**Task to carry out:** Give the data again exactly, without its images.

**Given data:**
•••••

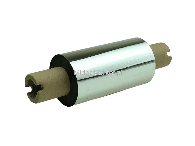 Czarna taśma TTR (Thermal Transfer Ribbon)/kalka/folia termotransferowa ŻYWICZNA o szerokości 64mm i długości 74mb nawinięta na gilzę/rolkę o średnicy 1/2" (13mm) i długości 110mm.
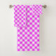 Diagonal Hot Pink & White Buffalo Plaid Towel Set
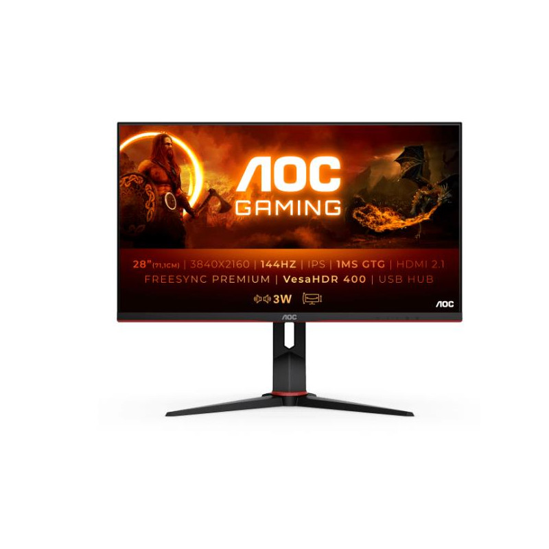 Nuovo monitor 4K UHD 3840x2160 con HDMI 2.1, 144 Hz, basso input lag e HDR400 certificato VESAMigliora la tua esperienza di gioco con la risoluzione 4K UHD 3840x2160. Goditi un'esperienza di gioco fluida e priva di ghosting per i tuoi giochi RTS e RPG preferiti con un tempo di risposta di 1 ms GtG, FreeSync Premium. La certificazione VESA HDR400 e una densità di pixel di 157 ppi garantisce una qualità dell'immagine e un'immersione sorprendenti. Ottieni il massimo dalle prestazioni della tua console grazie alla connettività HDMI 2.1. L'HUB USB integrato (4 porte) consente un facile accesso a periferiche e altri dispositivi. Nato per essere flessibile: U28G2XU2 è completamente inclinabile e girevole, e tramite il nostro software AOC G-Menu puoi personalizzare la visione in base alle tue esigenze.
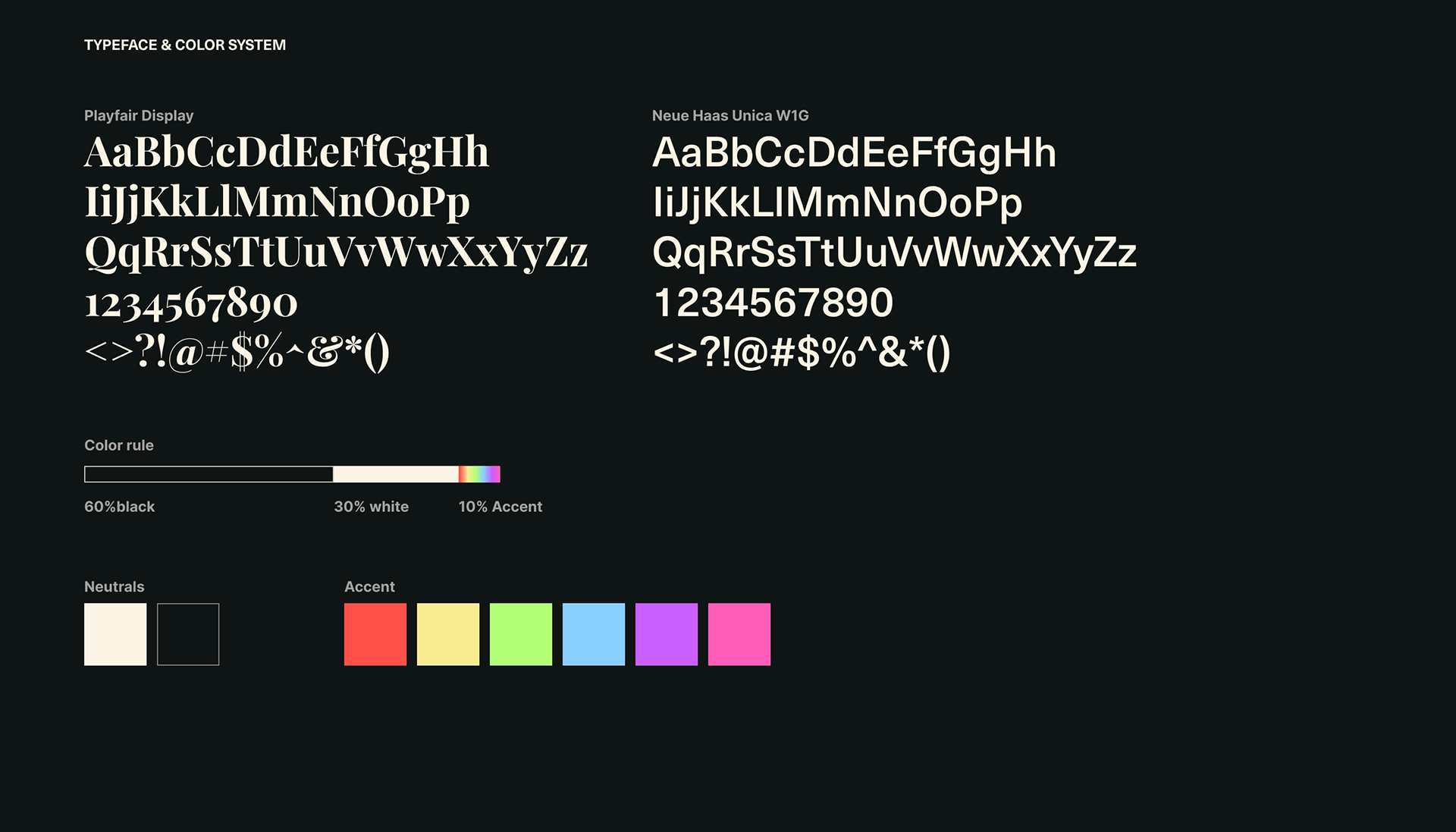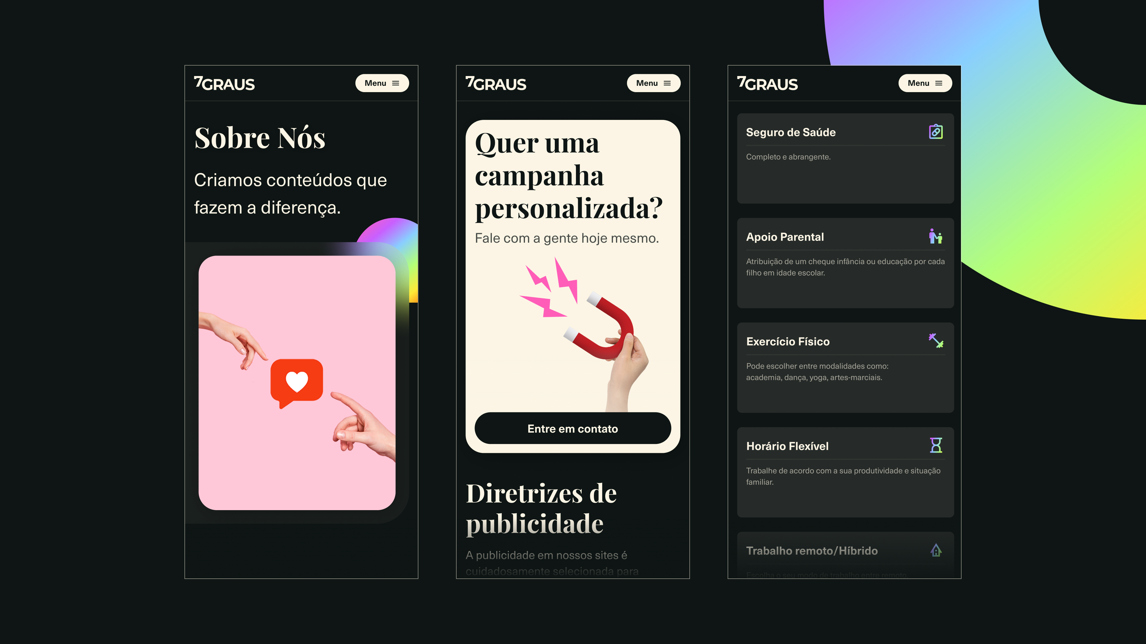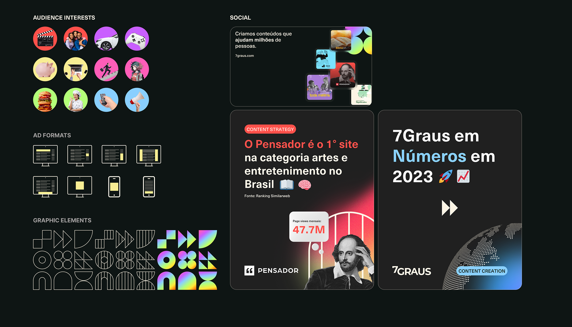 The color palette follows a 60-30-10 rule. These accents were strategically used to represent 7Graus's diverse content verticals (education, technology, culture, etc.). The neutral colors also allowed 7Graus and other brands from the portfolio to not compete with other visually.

•••••

**Written response:**
 Czarna taśma TTR (Thermal Transfer Ribbon)/kalka/folia termotransferowa ŻYWICZNA o szerokości 64mm i długości 74mb nawinięta na gilzę/rolkę o średnicy 1/2" (13mm) i długości 110mm.
 Diagonal Hot Pink & White Buffalo Plaid Towel Set
 Nuovo monitor 4K UHD 3840x2160 con HDMI 2.1, 144 Hz, basso input lag e HDR400 certificato VESAMigliora la tua esperienza di gioco con la risoluzione 4K UHD 3840x2160. Goditi un'esperienza di gioco fluida e priva di ghosting per i tuoi giochi RTS e RPG preferiti con un tempo di risposta di 1 ms GtG, FreeSync Premium. La certificazione VESA HDR400 e una densità di pixel di 157 ppi garantisce una qualità dell'immagine e un'immersione sorprendenti. Ottieni il massimo dalle prestazioni della tua console grazie alla connettività HDMI 2.1. L'HUB USB integrato (4 porte) consente un facile accesso a periferiche e altri dispositivi. Nato per essere flessibile: U28G2XU2 è completamente inclinabile e girevole, e tramite il nostro software AOC G-Menu puoi personalizzare la visione in base alle tue esigenze.
 The color palette follows a 60-30-10 rule. These accents were strategically used to represent 7Graus's diverse content verticals (education, technology, culture, etc.). The neutral colors also allowed 7Graus and other brands from the portfolio to not compete with other visually.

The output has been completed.